Treatment for long QT syndrome involves lifestyle changes, medications, and possibly surgery or other procedures.

The goal of treatment is to prevent erratic heartbeats and sudden death. Your doctor will discuss with you the most appropriate treatment options based on your symptoms and your type of long QT syndrome. Your doctor might suggest treatment even if you don't often have signs or symptoms.

If you have drug-induced long QT syndrome, stopping the medication causing your symptoms may be all that is needed to treat the condition. Your doctor can tell you how to safely do so.

For other cases of acquired long QT syndrome, treating the underlying condition is necessary. Treatment varies but may include magnesium or other fluids given by IV to correct electrolyte imbalances.

Medications

Medications won't cure long QT syndrome, but they can help protect against possible life-threatening heart rhythm changes.

Medications used to treat long QT syndrome may include:

• Beta blockers. These heart drugs are standard therapy for most patients with long QT syndrome. They slow the heart rate and make long QT episodes less likely. Beta blockers used to treat long QT syndrome include nadolol (Corgard) and propranolol (Inderal LA, InnoPran XL).
• Mexiletine. Taking this heart rhythm drug in combination with a beta blocker might help shorten the QT interval and reduce your risk of fainting, seizure or sudden death.

Always take the medications your doctor prescribes as directed.

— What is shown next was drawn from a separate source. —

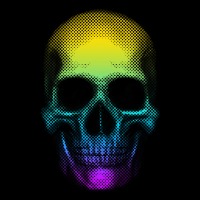 "Vivid Skull" is a unique design of a colorful skull with a unique modern halftone which is minimal in style but still having lots of elements in there because of the colors. File contains a PSD file with 17"x24" in standard size with 300 in dpi.

Surgery or other procedures

Depending on your symptoms, your doctor might consider other long QT syndrome treatments for you, including:

• Left cardiac sympathetic denervation (LCSD) surgery. In this procedure, surgeons remove specific nerves along the left side of your spine in your chest. These nerves are part of the body's sympathetic nervous system, which helps control your heart rhythm.
• LCSD is generally reserved for people with long QT and persistent heart rhythm problems who are at high risk of symptoms and cannot take or tolerate beta blockers. It doesn't cure long QT syndrome, but it does help reduce the risk of sudden death.
• Implantable cardioverter-defibrillator (ICD). An ICD is implanted under the skin of your chest and continuously monitors your heartbeat. It can stop a potentially life-threatening arrhythmia. When an ICD detects an abnormal heart rhythm, it delivers electrical shocks to reset the heart back to normal.
• Most people with long QT syndrome do not need an ICD. However, the procedure may be done in certain athletes to allow return to competitive sports. The decision to implant an ICD, especially in children, needs to be carefully considered. Implanting an ICD is a major procedure and can result in inappropriate shocks and other complications.